What this task involves
Set down the lines below, exactly, starting at the one that contains "3、操控红色框内的白色圆圈,瞄准灰色方块区域,发射挖矿工具进行挖掘。" and stopping at the last line, inclusive. Omit pictures.

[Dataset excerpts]
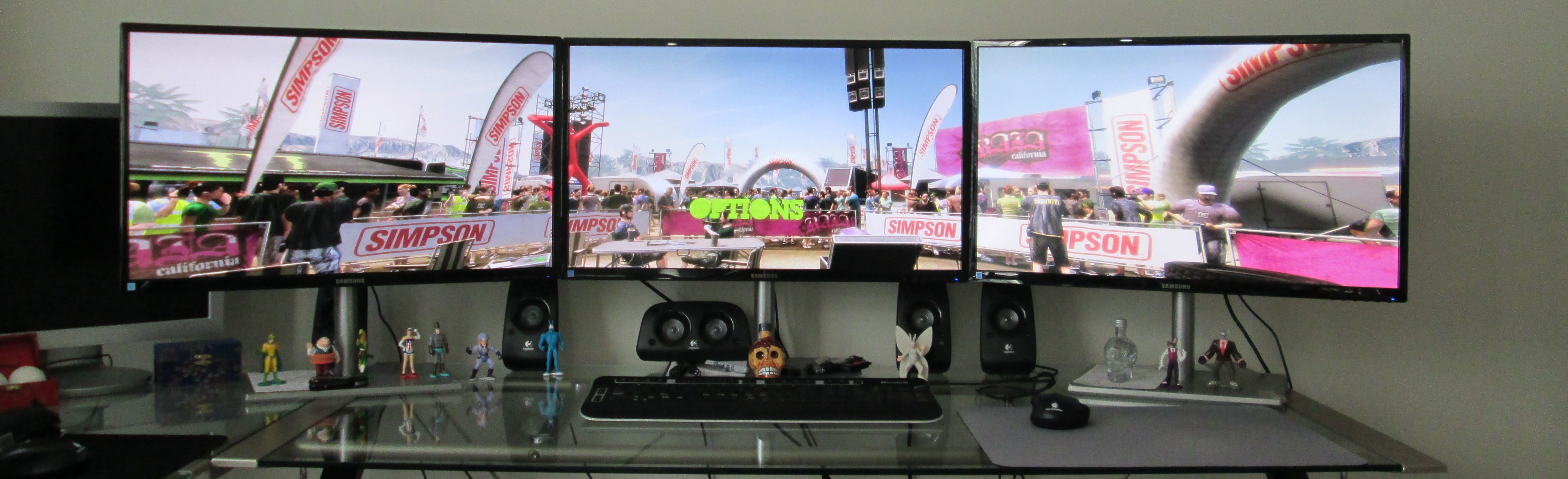 Let me present my Triple Monitor setup for Dirt 2. What you see are 3 of my 27 inch Samsung monitors together side by side. This is powered by my AMD FX 8350 CPU with 2 Nvidia GTX 660 Superclock GPUs in SLI.
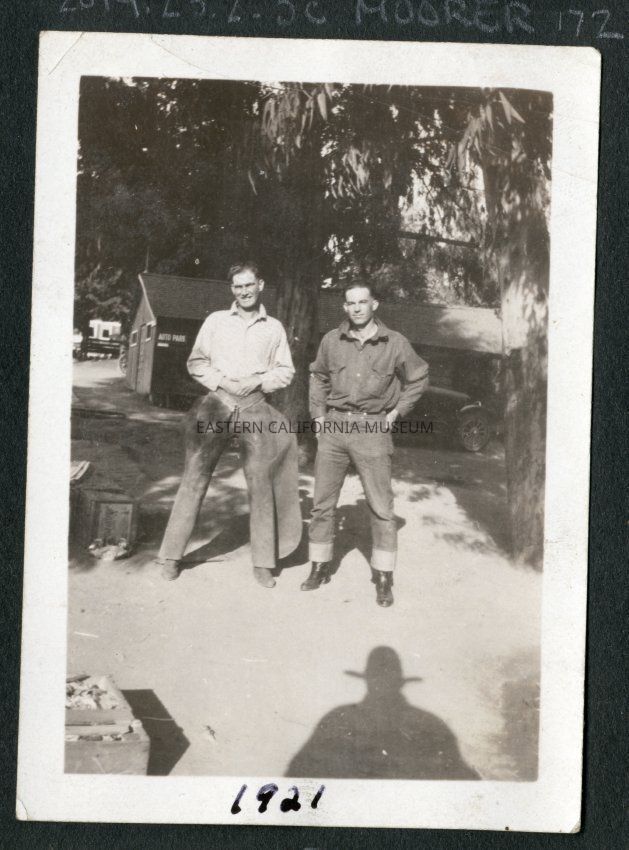Two men standing in front of a cabin. There is a car behind them, boxes around them, and the photographer's shadow is visible. One of the two men is wearing chaps. It is possible Fred Moore took this photo.Collection
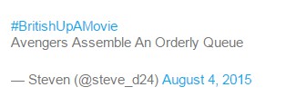 “复仇者乖乖排队集结”,大家都知道英国人总是乖乖排队,有着骨子里的绅士精神。出自美剧《复仇者集结》(Marvel’s Avengers Assemble)。
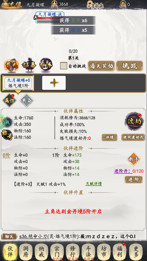 - 历练玩法:收集伙伴渡劫丹材料,在书阁炼制。
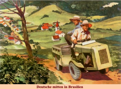 Deutsche mitten in Brasilien Fernandez und ich machten noch einen Abstecher nach Süden. Wir kamen in ein Dorf mit richtigen behäbigen deutschen Bauernhöfen- Zwei Männer fuhren zur Feldarbeit, sie unterhielten sich in deutscher Sprache und erzählten uns dann, daß der Boden fruchtbar und der Ertrag gut sei. Sie priesen ihre klugen Großväter, die sich auf der Suche nach einer neuen Heimat hier niederließen. |
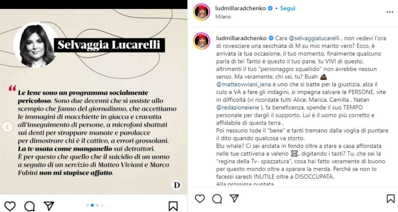 Oggi è giunta la risposta di Ludmilla Radchenko, storica compagna proprio di Matteo Viviani, che ha difeso l’inviato de Le Iene, scrivendo così su Instagram: “Cara @selvaggialucarelli, non vedevi l’ora di rovesciare una secchiata di M su mio marito vero? Ecco, è arrivata la tua occasione, il tuo momento, finalmente qualcuno parla di te! Tanto è questo il tuo pane, tu VIVI di questo, altrimenti il tuo “personaggio squallido” non avrebbe nessun senso. Ma veramente, chi sei, tu? Buah”.
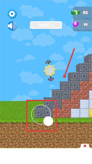 3、操控红色框内的白色圆圈,瞄准灰色方块区域,发射挖矿工具进行挖掘。
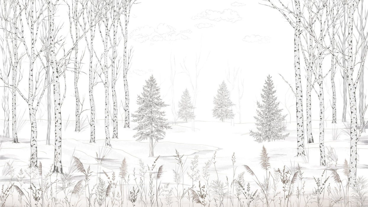 Transform your interior with Douceur des Bois, a black and white panoramic forest wallpaper with an elegant and timeless aesthetic. This XXL wall mural depicts a forest of birch and fir trees, captured in a subtle and refined winter atmosphere. Its unique gray scale style, inspired by line drawing, brings depth, perspective, and poetry to your walls.
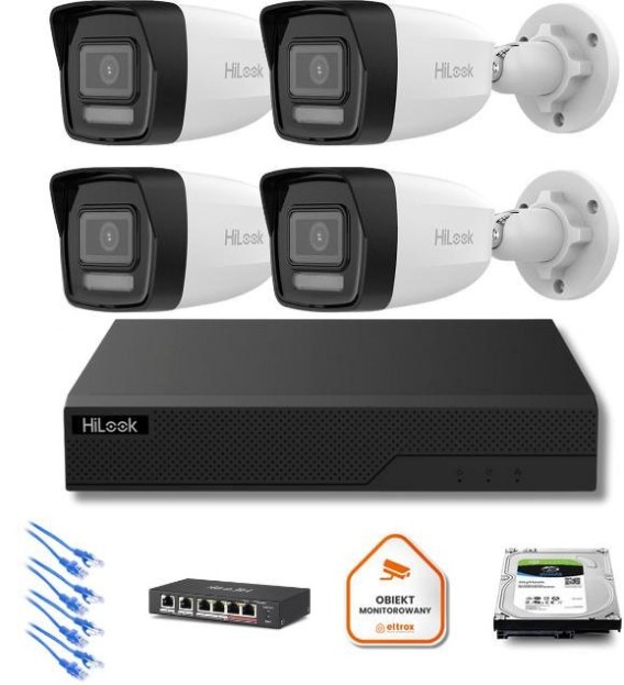 Zestaw monitoringu Hilook 4x kamera IPC-B160HA-LU z dyskiem z 2TB
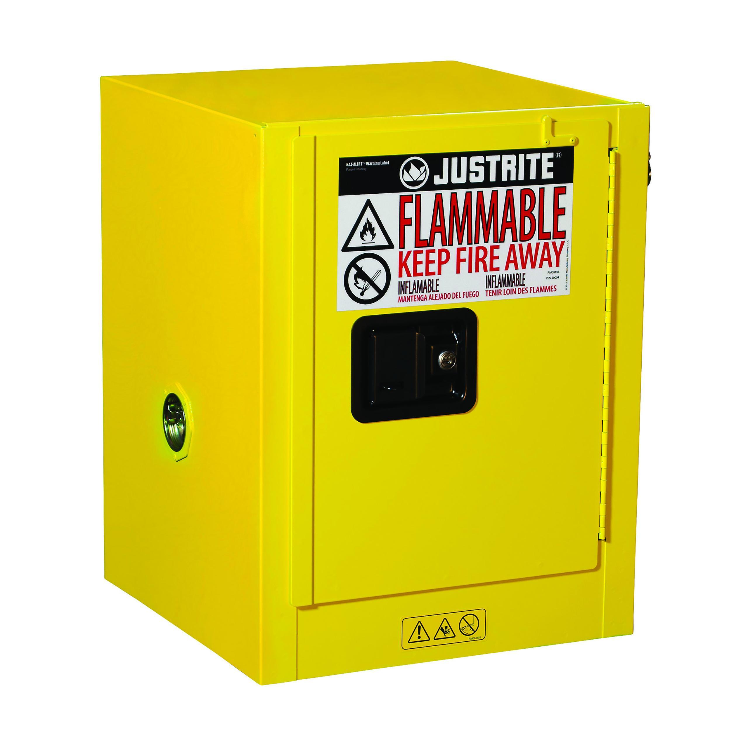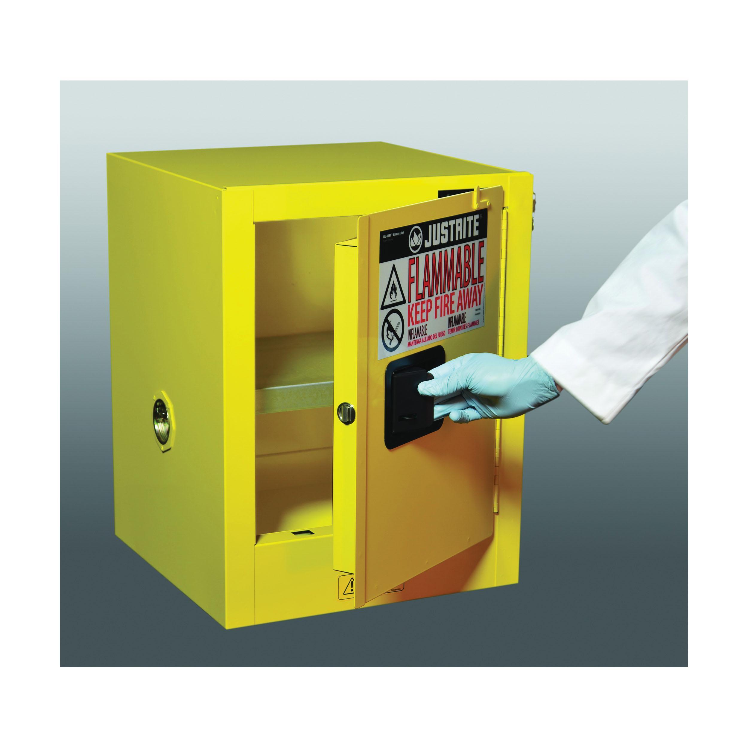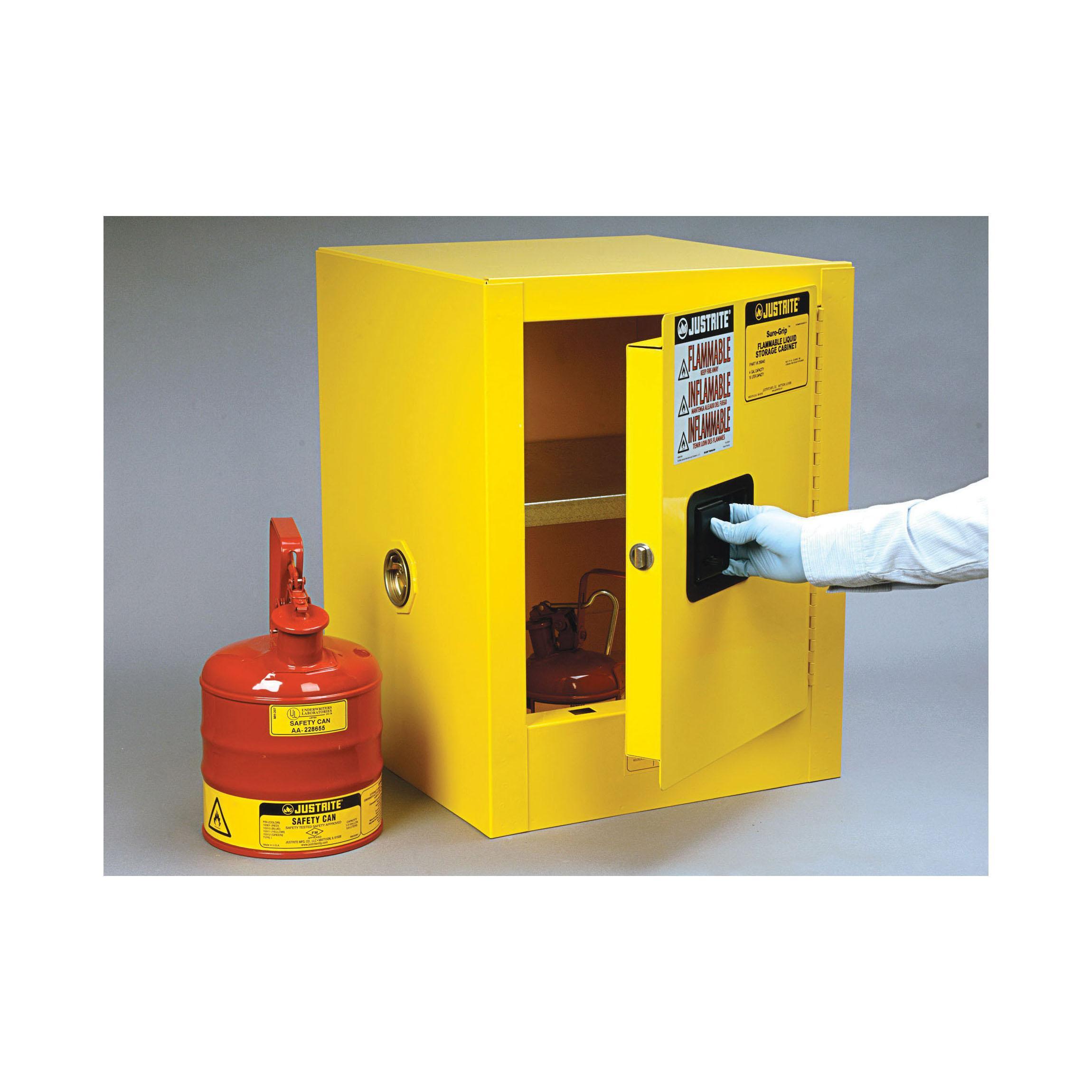 Justrite® 890400 Sure-Grip® EX Countertop Flammable Safety Cabinet, 4 gal Capacity, Recessed Paddle Handle, 22 in H x 17 in W x 17 in D, Manual Close Door, 1 Doors, 1 Shelves, Cold Rolled Steel, Yellow
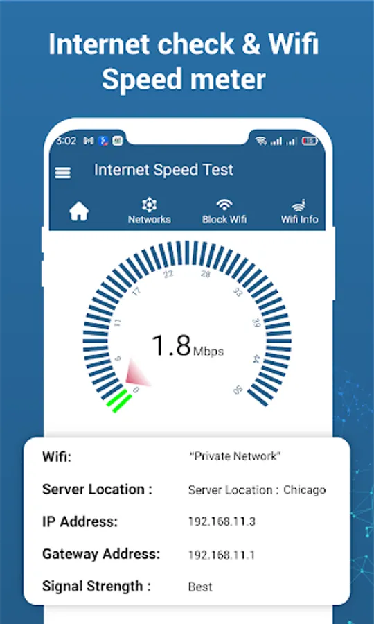 Wifi Info - Internet SpeedTest offer you to check speed or find accurate WIFI speed history anytime. WIFI speed meter is also mbps checker to check your mobile wifi speed in mbps and internet connection history. Test your internet connection with wide range of internet mobile networks. Best speed tester app with download, ping , upload speed test or internet connection with speed testing.

Solved problem
 3、操控红色框内的白色圆圈,瞄准灰色方块区域,发射挖矿工具进行挖掘。
 Transform your interior with Douceur des Bois, a black and white panoramic forest wallpaper with an elegant and timeless aesthetic. This XXL wall mural depicts a forest of birch and fir trees, captured in a subtle and refined winter atmosphere. Its unique gray scale style, inspired by line drawing, brings depth, perspective, and poetry to your walls.
 Zestaw monitoringu Hilook 4x kamera IPC-B160HA-LU z dyskiem z 2TB
 Justrite® 890400 Sure-Grip® EX Countertop Flammable Safety Cabinet, 4 gal Capacity, Recessed Paddle Handle, 22 in H x 17 in W x 17 in D, Manual Close Door, 1 Doors, 1 Shelves, Cold Rolled Steel, Yellow
 Wifi Info - Internet SpeedTest offer you to check speed or find accurate WIFI speed history anytime. WIFI speed meter is also mbps checker to check your mobile wifi speed in mbps and internet connection history. Test your internet connection with wide range of internet mobile networks. Best speed tester app with download, ping , upload speed test or internet connection with speed testing.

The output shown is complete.